Even Low Levels of PFAS Pose Enforcement Risks.
PFAS pose particular Prop 65 compliance and liability risks because they are being regulated at very low levels. The Fifth Unregulated Contaminant Monitoring Rule (UCMR 5) issued by EPA on December 27, 2021 requires PFAS monitoring at levels down to 3 parts per trillion (which is 1,000 times lower than many other chemicals). Under UCMR 5, public water systems throughout the United States must monitor drinking water for 29 PFAS starting in 2023. New HALs are below levels that current testing methods can reliably detect: 0.004 parts per trillion (ppt) for PFOA, 0.02 ppt for PFOS, 10 ppt for GenX chemicals, and 2,000 ppt for PFBS.
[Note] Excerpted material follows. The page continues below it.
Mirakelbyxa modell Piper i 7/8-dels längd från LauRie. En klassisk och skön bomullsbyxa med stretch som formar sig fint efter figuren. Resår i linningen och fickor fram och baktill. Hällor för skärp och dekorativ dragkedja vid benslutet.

Regulations that establish thresholds at such low levels reflect concern that even trace amounts of PFAS in products or buildings pose a risk. This may make it difficult for companies to meet Prop 65 exemptions, such as by demonstrating that the exposures they cause are too low to create significant risk of cancer or are significantly below levels observed to cause birth defects or other reproductive harm. OEHHA may establish “safe harbor” levels for listed substances, providing thresholds for regulatory compliance, but has yet to propose such thresholds for any PFAS.
Steps to Manage Prop 65 Risk Associated with PFAS.
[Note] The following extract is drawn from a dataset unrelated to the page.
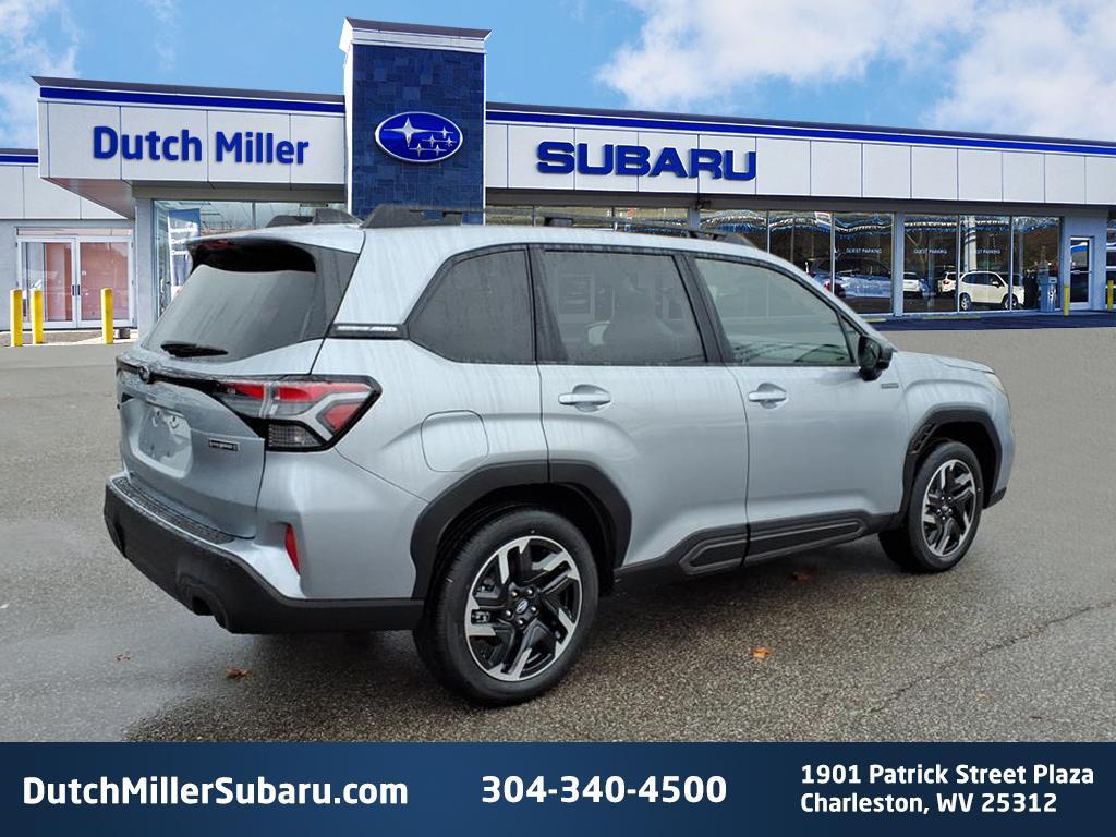 Vehicle Details2025 Subaru Forester Limited Hybrid AWD - located in Charleston, WV - combines fuel-efficient performance with upscale comfort and advanced safety features. Powered by a 4-cylinder, 2.5L Full Hybrid Electric (FHEV) powertrain and standard all-wheel drive, this Subaru Forester delivers confident handling in varied road and weather conditions while maximizing fuel economy for daily commuting and weekend adventures. The Limited trim elevates the cabin with premium leather seats and a thoughtfully designed interior that enhances comfort on long drives. Stay connected and entertained with Apple CarPlay and hands-free Bluetooth, providing seamless smartphone integration and voice-controlled calling for safer, distraction-free operation. Advanced driver assistance technologies such as adaptive cruise control and lane keep assist work together to reduce driver fatigue and help maintain vehicle position and safe following distances on highways. This Subaru Forester Limited Hybrid is ideally equipped for families and outdoor enthusiasts who value efficiency, traction, and modern conveniences. Priced to move, this vehicle is available at the best price in the Charleston, WV area - offering exceptional value for a hybrid SUV with Subarus hallmark reliability and AWD capability. Schedule a test drive today to experience the refined hybrid performance, premium amenities, and advanced safety features that make this 2025 Subaru Forester Limited Hybrid an outstanding choice.EquipmentApple CarPlay: Seamless smartphone integration for it - stay connected and entertained on the go! Never get into a cold vehicle again with the remote start feature on the Subaru Forester. This 2025 Subaru Forester offers Android Auto for seamless smartphone integration. This 2025 Subaru Forester features a hands-free Bluetooth phone system. Lane Keep Assist in this model helps maintain safe driving by gently steering to stay within the lane. This Subaru Forester has automated speed control that adjusts to maintain a safe following distance, enhancing highway driving convenience. Youll never again be lost in a crowded city or a country region with the navigation system on this Subaru Forester. See whats behind you with the back up camera on this unit. The leather seats in this mid-size suv are a must for buyers looking for comfort, durability, and style. The Subaru Forester features a HomeLink System. The vehicle gleams with an elegant silver cle

There are steps that businesses can take to manage potential litigation and enforcement risks related to PFAS and other potential new Prop 65 listings:
- Track regulatory changes and undertake periodic reviews to ensure compliance with Prop 65 requirements and minimize potential liability.
- If your company identifies a listed substance, you can advocate for OEHHA to establish safe harbor levels. In some cases, it may be prudent to apply for safe use determinations for specific uses, which provide additional protection.
- Adopt procedures and provisions for contractual agreements up and down the supply chain to reduce or limit liability.
- Prepare for litigation now. Responding quickly and appropriately to any claims or Prop 65 Notices will minimize the time and expense required for their resolution.
A Prop 65 listing does not only result in Prop 65 enforcement actions, it can also spur additional regulation. For example, a series of Prop 65 enforcement actions claiming that cosmetic companies failed to properly label products containing PFOA since 2019 spurred California’s passage of AB 2762 in 2020, which banned the use PFOS, PFOA, PFNA, and nine other PFAS in cosmetics. As of June 2022, a bill banning all intentionally added PFAS in cosmetics is pending before the Legislature.
If and when more PFAS are added to the Prop 65 list, additional state-level regulatory actions will likely follow. Now is the time for businesses to assess potential PFAS exposure to minimize the risk of enforcement actions and litigation.